Treat Customer Acquisition as a 'Shots on Goal' Problem
YC alum Palash Shah emphasizes that founders should view early customer acquisition as a volume-based challenge. If a startup is not finding enough customers, the recommended solution is to significantly increase the volume of cold outbound efforts. This approach treats outreach as taking more "shots on goal" to eventually connect with the right early adopters.
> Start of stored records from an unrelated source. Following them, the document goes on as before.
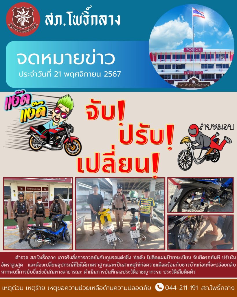 ตำรวจ สภ.โพธิ์กลาง เอาจริงสั่งการกวดขันกับกุมรถแต่งซิ่ง ท่อดัง ไม่ติดแผ่นป้ายทะเบียน จับยึดรถทันที ปรับในอัตราสูงสุด และต้องเปลี่ยนอุปกรณ์ที่ไม่ได้มาตราฐานและเป็นสาเหตุให้ก่อความเดือดร้อนกับชาวบ้านก่อนที่จะปล่อยกลับ หากพบมีการขับขี่แข่งขันในทางสาธารณะ ดำเนินการบันทึกลงประวัติอาชญากรรม ประวัติเสียติดตัว พบการกระทำผิด โทร 044211191 สภ.โพธิ์กลาง
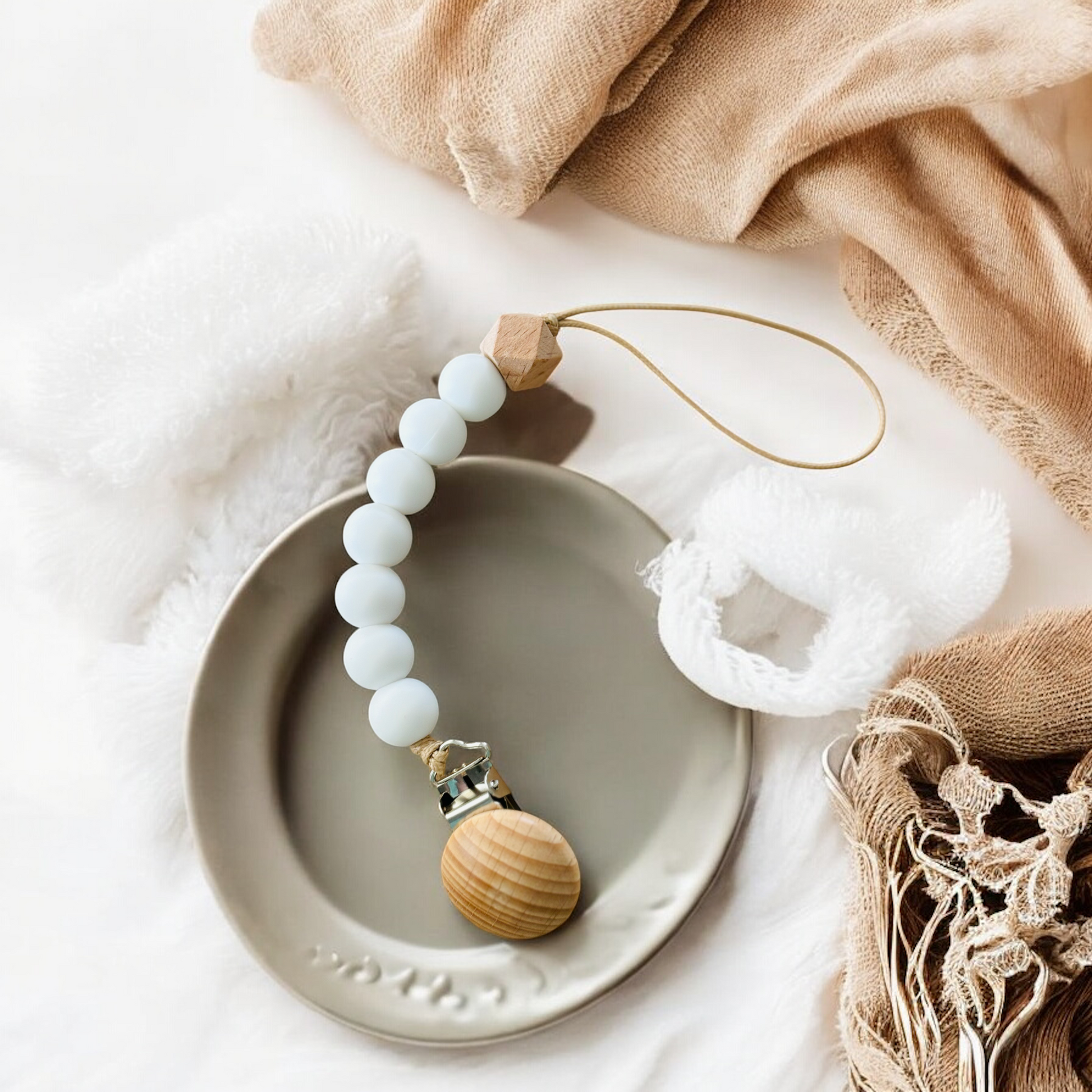 Add a touch of elegance to your baby's dummy with our White Silicone and Birch Wood Dummy Clip. Made with high-quality materials, this dummy clip is not only stylish but also safe for your little one. Say goodbye to lost or dirty dummies and hello to convenience and style!
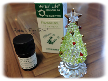 Merry Christmas.+*゜今日はクリスマスですねっ・:*:・(〃^ー^〃)・:*:・我が家では、ささやか~なクリスマスを過ごしております♪まぁ2人なので、小さいケーキと、小さいプレゼント交換といった感じ。(*^^*)今年は、さらに(!?)小さい雑貨たちが、雰囲気を作ってくれていました。ガラスで出来たミニ・クリスマスツリー、それから、とっても良い香りがするオイルです.+*゜テーブルに、ちょこんと置くだけでもガラスのツリーの可愛さにニッコリ。大きなツリーは、置くスペースがないので買えないのですが、これならOK!ヾ( ̄▽ ̄*)良い香りのオイルのほうは、フランキンセンスというもの.+*゜爽やかで心地よい、木の香りがします。(*v.v)本やサイトで見かけてから、ずっと気になっていて。近所の雑貨屋さんにポツンと置いてあったのを見て、嬉しくなっちゃいましたフランキンセンスは、ソマリア、エチオピアなどの乾燥した地域に育つ、カンラン科の植物。木や樹脂を焚いたときにたちのぼる煙は、人々の祈りを神に届けるとされ、旧約聖書の時代から、人々の祈りを神に捧げるために焚かれてきたそうです。この香りが、クリスマスにピッタリだなぁ♪と思うことも.+*゜キリスト誕生の際に、東方の三賢者が贈った贈り物が、人の証としてのミルラ(没薬)、王の証としての黄金、そして神の証としてのフランキンセンスだったこと。この贈り物が、クリスマスプレゼントの起源になったとも言われているそう。歴史をおもうと、ちょっとドキドキしてきます。("▽"*)さらにさらに.+*゜フランキンセンスの香りは、ストレスや緊張を和らげ、雑念を払い、心に平和をもたらす効能があるとされているそうなんです。気持ちが、心がほっとする.+*゜確かに、そんな雰囲気のする木の香りで、このところ欠かせない香りになっています。ミネラルウォーターに数滴いれたミストを、シュシュッっとしたり.+*゜このボトルは、精油のボトルなので、他にも色々と楽しみ方がありそう。そちらの方も、ちょっと楽しみです。(*^^*)大好きなものが増えるって、ほんとシアワセです。(笑)
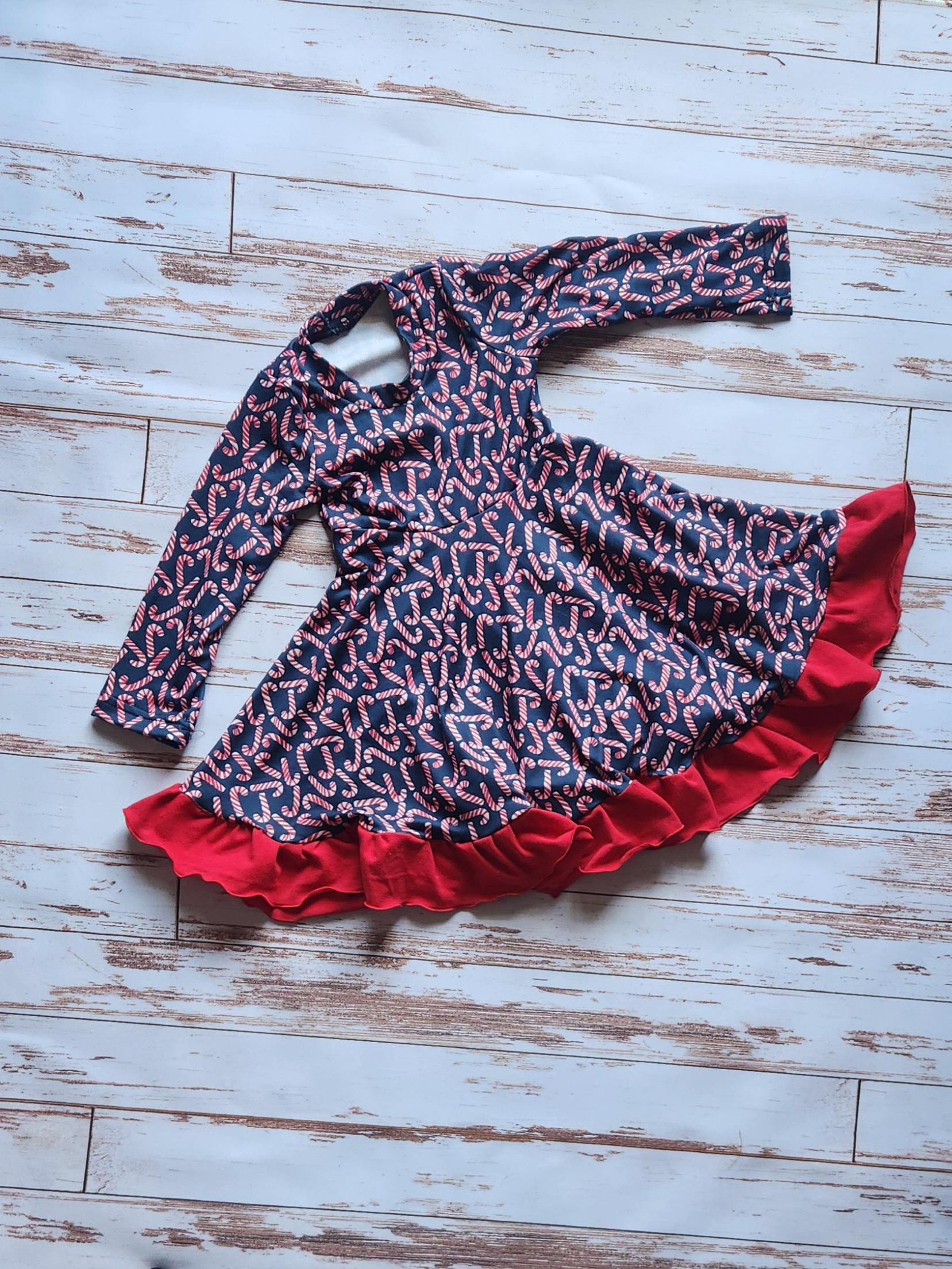 Candy cane dress for toddler girl, church dress for girls holiday dress, handmade christmas dress, ruffle dress girl, winter baby girl cloth
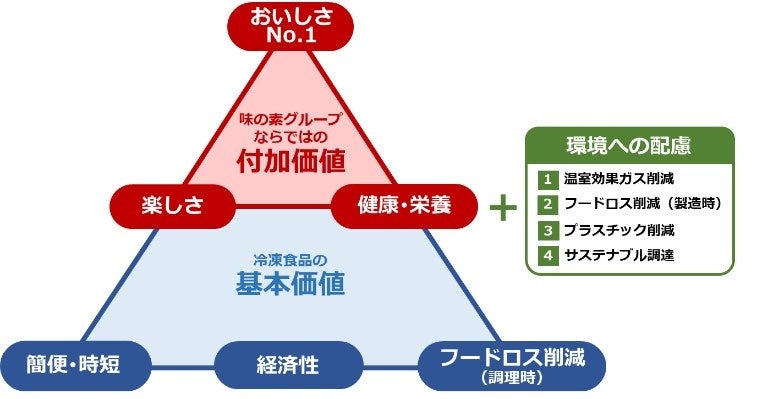 コロナ禍以降、生活者のライフスタイルの変化により、「日々の献立検討への疲れ」や「休日はおうちで食事を楽しむ」といった、生活者の食生活への意識も急速に変化し、またシニア層の需要もますます拡大しています。当社はこのような変化や生活者の悩みに対応し、当社冷凍食品の独自価値である「おいしさNo.1」「楽しさ」「健康・栄養」「環境への配慮」を具現化した製品の発売や取り組みを強化し、冷凍食品をまた一つ進化させ、日々の豊かな食生活を応援します。
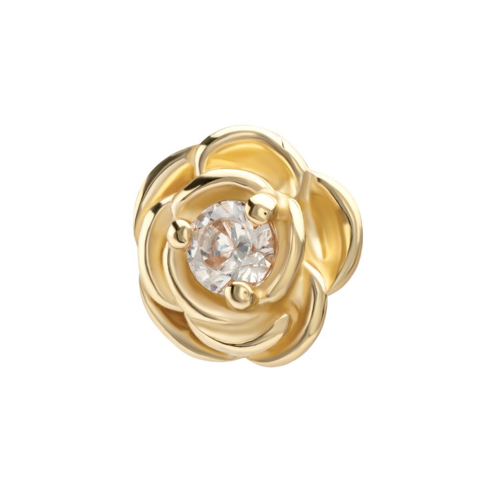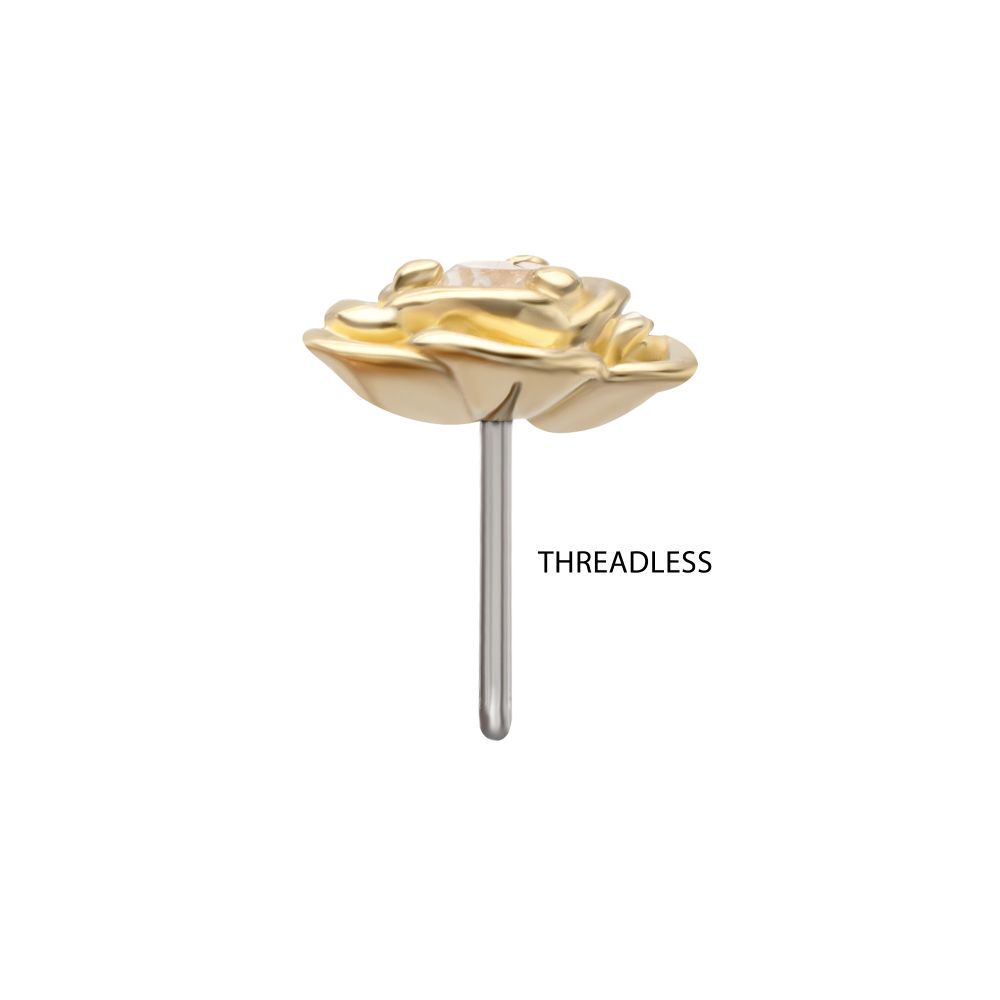 14Kt Yellow Gold Threadless Low Profile 3-Prong Gem "Rosebud Bloom" Top
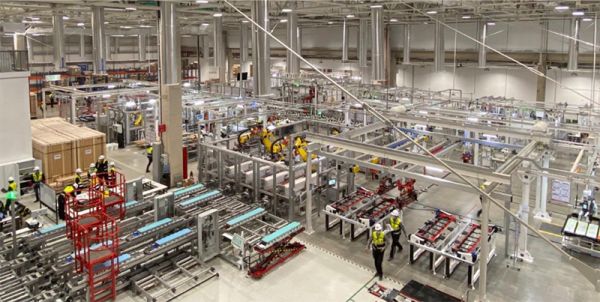 ▲特斯拉上海工厂电池模组组装车间

Finding your first users is less a persuasion challenge and more a search problem. YC General Partner Ankit Gupta advises building a "minimum evolvable product," designed to survive initial contact with a small group of true believers and adapt based on their feedback. The goal isn't to build a perfect, final version, but something simple that can be shaped by the people who need it most. Early adopters are defined by the urgency of their problem; they are actively looking for a solution and can see the long-term vision through a product's initial flaws. YC's advice is to find 10 customers who truly *love* your imperfect solution because it solves a "hair on fire" problem for them. These users provide critical feedback and are your first test for product-market fit. To find these users, go where they already are. This includes niche online communities like subreddits (e.g., r/startups), industry-specific Slack groups, and forums. On LinkedIn, you can directly target professionals by job title—mid-level product managers are often a good starting point—to initiate conversations. Effective cold outreach prioritizes personalization over volume. Use the recipient's name and reference their specific company, role, or a recent achievement to show you've done your research. Keep subject lines short and intriguing, like "Quick question," and frame your message around solving their specific pain points, not just pitching your product. The initial conversation should be a "discovery call," aimed at determining if there's a good fit by understanding the prospect's challenges and goals. The objective is to learn, not to sell, and to establish a rapport where you can genuinely understand their workflow and pain points. This two-way dialogue sets the stage for the entire relationship. Structure your discovery calls around open-ended questions that uncover deep insights. Start with broad questions like, "Can you walk me through your current process?" before drilling down with, "What's the biggest challenge you're facing right now?" Follow up by asking what solutions they've already tried; this helps reveal market gaps and how urgently they need a better way.